I am trying to set up a model to predict a 8-label classification problem. Suppose the labels are ycat = ["a", "b", "c", "d", "e", "f", "g"]
and I have a sample set of labels to train & test on: ysample = ["a", "a", "g", "d", ...]
.
I was told I should build a onehot-form of the labels, if I want to build a classification model.
ycat_len = length(ycat)
output = Flux.onehotbatch(ysample, ycat)
I am aware that this question has a near duplicate in How to use crossentropy in a multi-class classification Flux.jl neural network?. However, the ŷ
in that question seems to be a 1-D array, while it is a 2-D matrix in my case:
> output
8×5000 Flux.OneHotMatrix{Array{Flux.OneHotVector,1}}:
0 0 0 0 0 0 0 0 0 0 0 0 0 … 0 0 0 0 0 0 0 0 0 0 0 0
1 0 0 0 0 0 1 0 0 0 1 0 0 1 0 0 0 0 0 0 0 0 1 1 0
0 0 0 0 1 0 0 0 0 0 0 0 0 0 0 0 0 0 1 0 0 0 0 0 0
0 0 0 0 0 0 0 0 0 0 0 0 0 0 1 0 0 0 0 0 0 0 0 0 0
0 1 0 0 0 0 0 0 0 1 0 1 0 0 0 0 1 0 0 1 1 0 0 0 1
0 0 1 1 0 0 0 1 0 0 0 0 1 … 0 0 1 0 0 0 0 0 1 0 0 0
0 0 0 0 0 0 0 0 0 0 0 0 0 0 0 0 0 0 0 0 0 0 0 0 0
0 0 0 0 0 1 0 0 1 0 0 0 0 0 0 0 0 1 0 0 0 0 0 0 0
While my input has the form
> input
1×5000 Array{FeaturedGraph{SimpleWeightedGraph{Int64,Float32},Array{Float32,2}},2}:
Using the following setup has resulted in catastrophically low accuracy rates, much worse than guessing labels at random.
using Flux
using Flux: @epochs
train_input = input[1:num_train];
train_output = output[:, 1:num_train];
train_data = zip(train_input, train_output);
model = Chain(CNConv(num_features=>atom_fea_len),
[CNConv(atom_fea_len=>atom_fea_len) for i in 1:num_conv-1]...,
CNMeanPool(crys_fea_len, 0.1),
[Dense(crys_fea_len, crys_fea_len, softplus) for i in 1:num_hidden_layers-1]...,
Dense(crys_fea_len, ycat_len), softmax);
loss_kl(x, y) = Flux.kldivergence(model(x), y)

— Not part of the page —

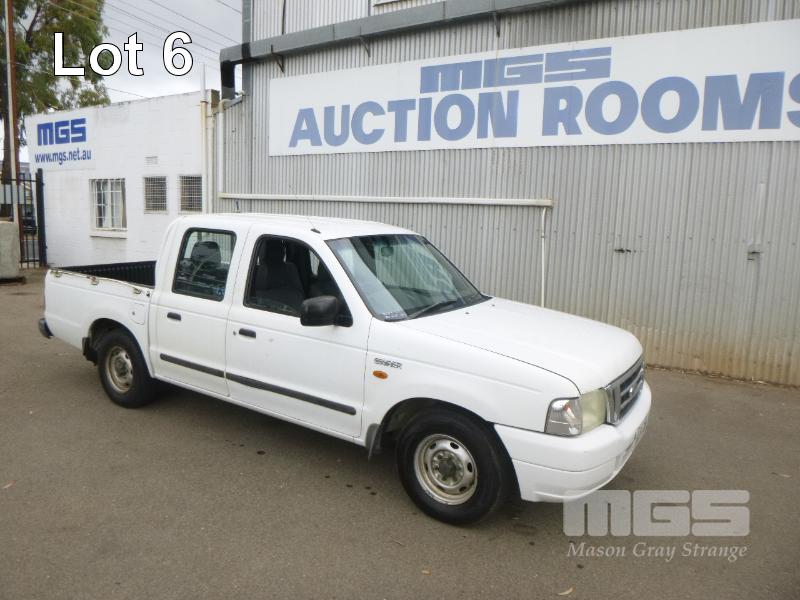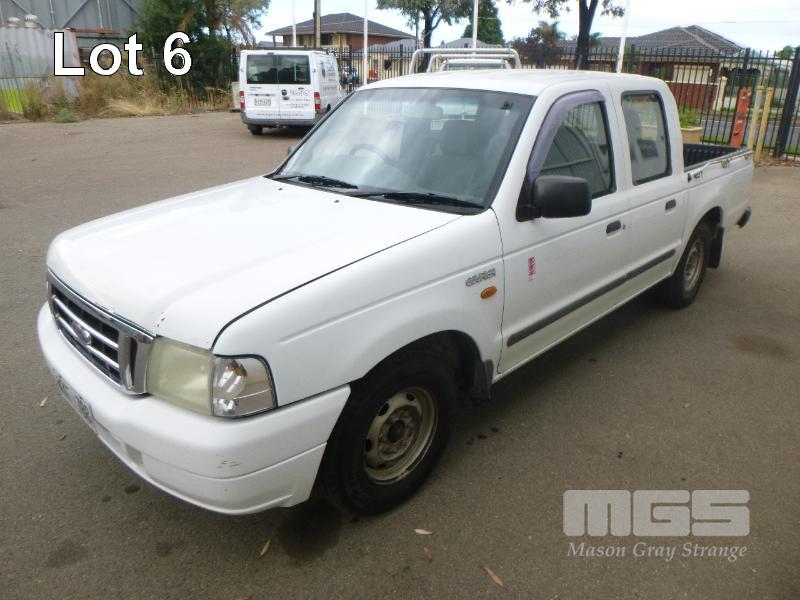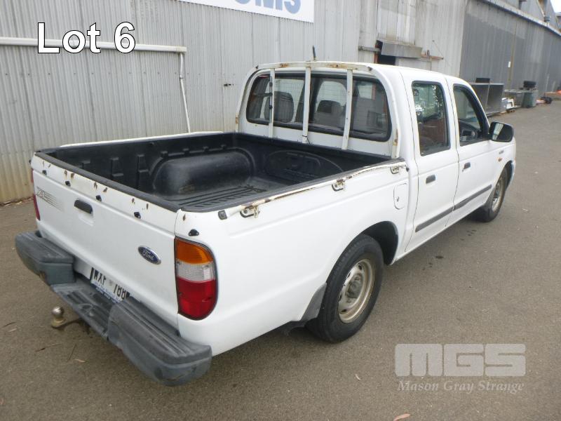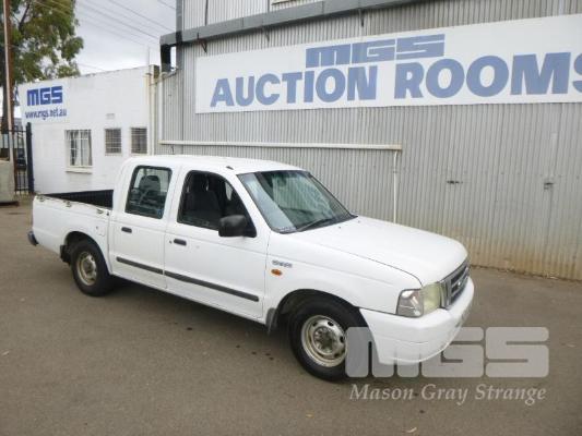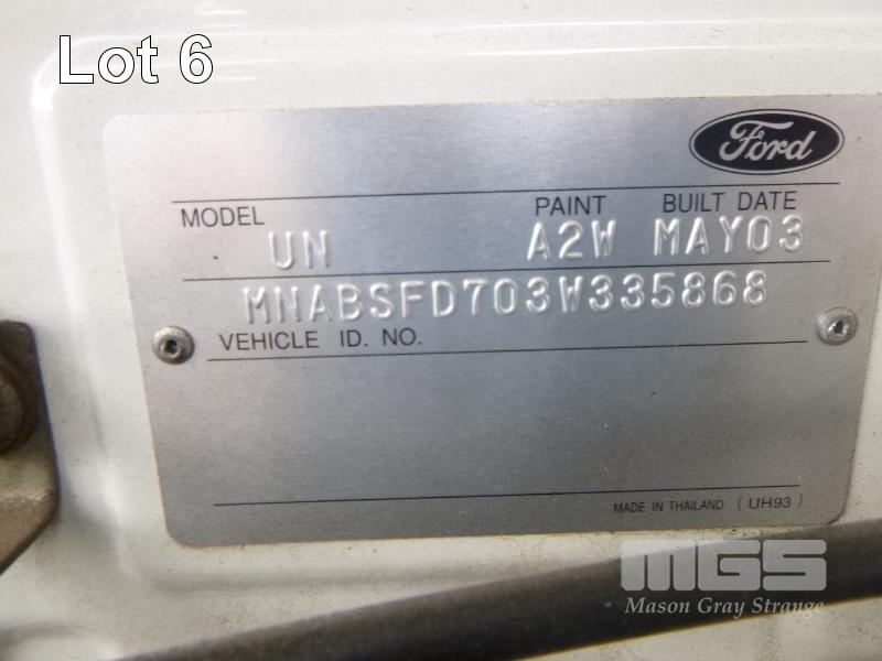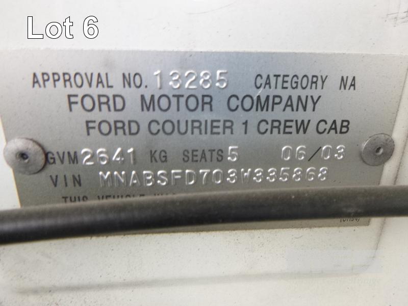 2003 FORD COURIER PG XL DUAL CAB TUB UTE RWD REG: WXF 788 VIN: MNABSFD703W335868 ODO: 414,264kms INDICATED 2.6 LITRE, 4 CYLINDER, 4 SPEED AUTOMATIC TRANSMISSION, PETROL, WHITE DUCO, 4 DOORS, 5 SEAT, RWD AIR CON, POWER STEERING, POWER WINDOWS, SPARE WHEEL, TOW BAR, TUB LINER, PASSENGER WEATHER STRIP KEY #18 (WITH PAPERS, WITH 1 KEY/S, WITH OWNER'S MANUAL, WITH SERVICE BOOKS) CONDITION: - CRACKED FRONT BUMPER - DENTS IN REAR BUMPER - BENT TIE RAILS - SCRATCHES & PAINT CHIPS - REBUILT HEAD

evalcb() = @show(mean(loss_kl.(test_input, test_output)))
opt = ADAM(0.01)
@epochs num_epochs Flux.train!(loss_kl, params(model), train_data, opt, cb=Flux.throttle(evalcb, 5))

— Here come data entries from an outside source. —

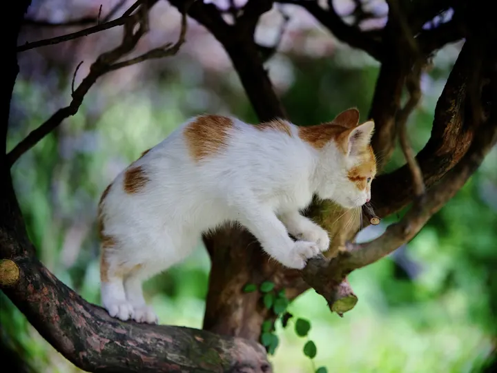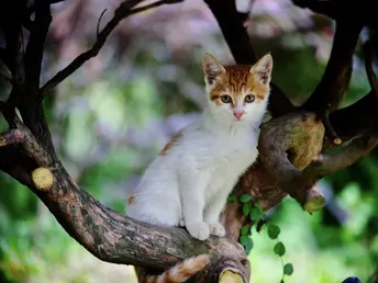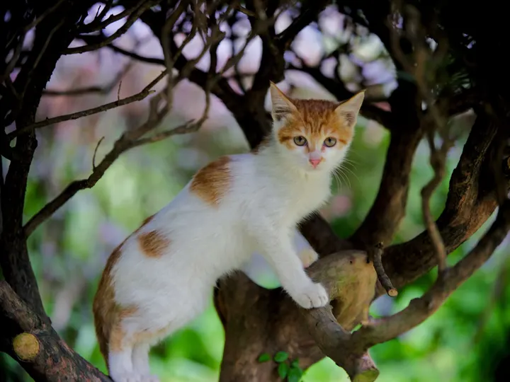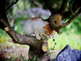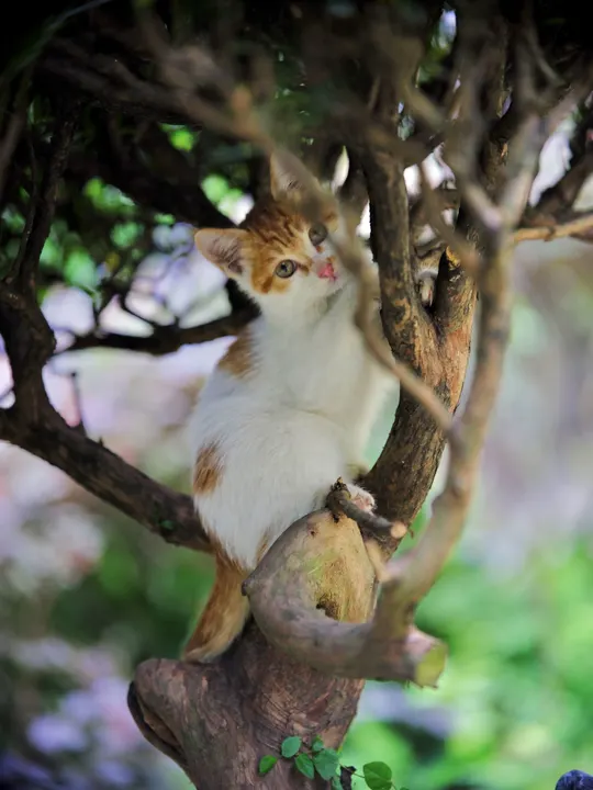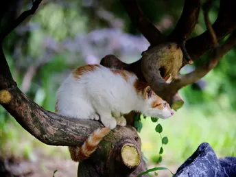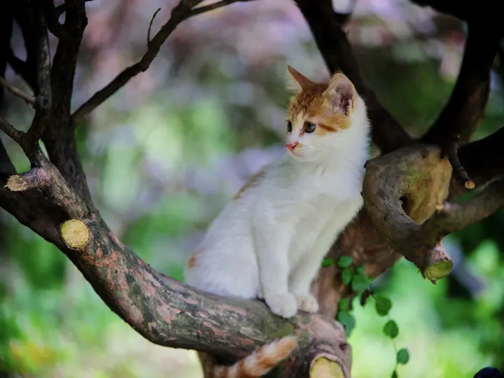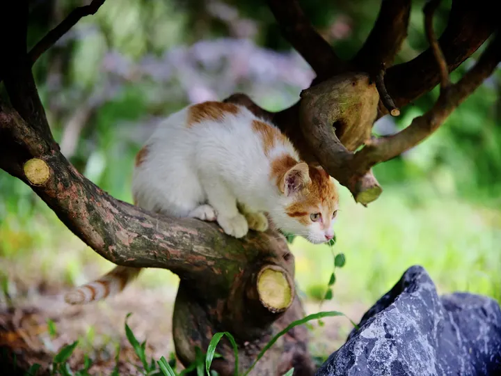 树枝上嬉戏的小橘猫
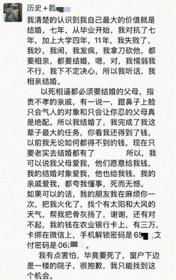 坠楼前,魏某在朋友圈留下"遗言",自述被催婚,交代了银行卡和手机密码,嘱托朋友帮其料理后事。
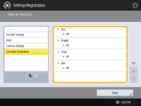 The destinations that can be specified when sending faxes or scanned documents can be restricted to those registered in the Address Book or one-touch buttons, those registered in <Favorite Settings> or <Send to Myself>, or those that can be searched on the LDAP server. When this function is enabled, users cannot specify destinations using alphanumeric character input.
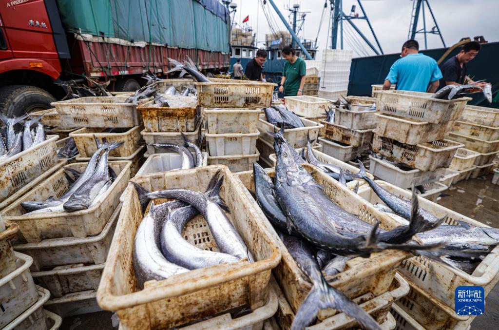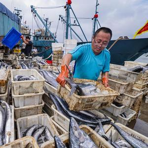 當日,山東省榮成市成山鎮落鳳漁港一派繁忙景象,秋捕歸來的漁船滿載而歸,靠港卸魚。

A minor dig into the causes of this bad performance reveals, that the loss function is outputting a single value rather than a 1x5000 matrix. In other words, rather than having a loss function value for every element in our training set, we get a single condensed value which has no practical meaning. How can I fix this?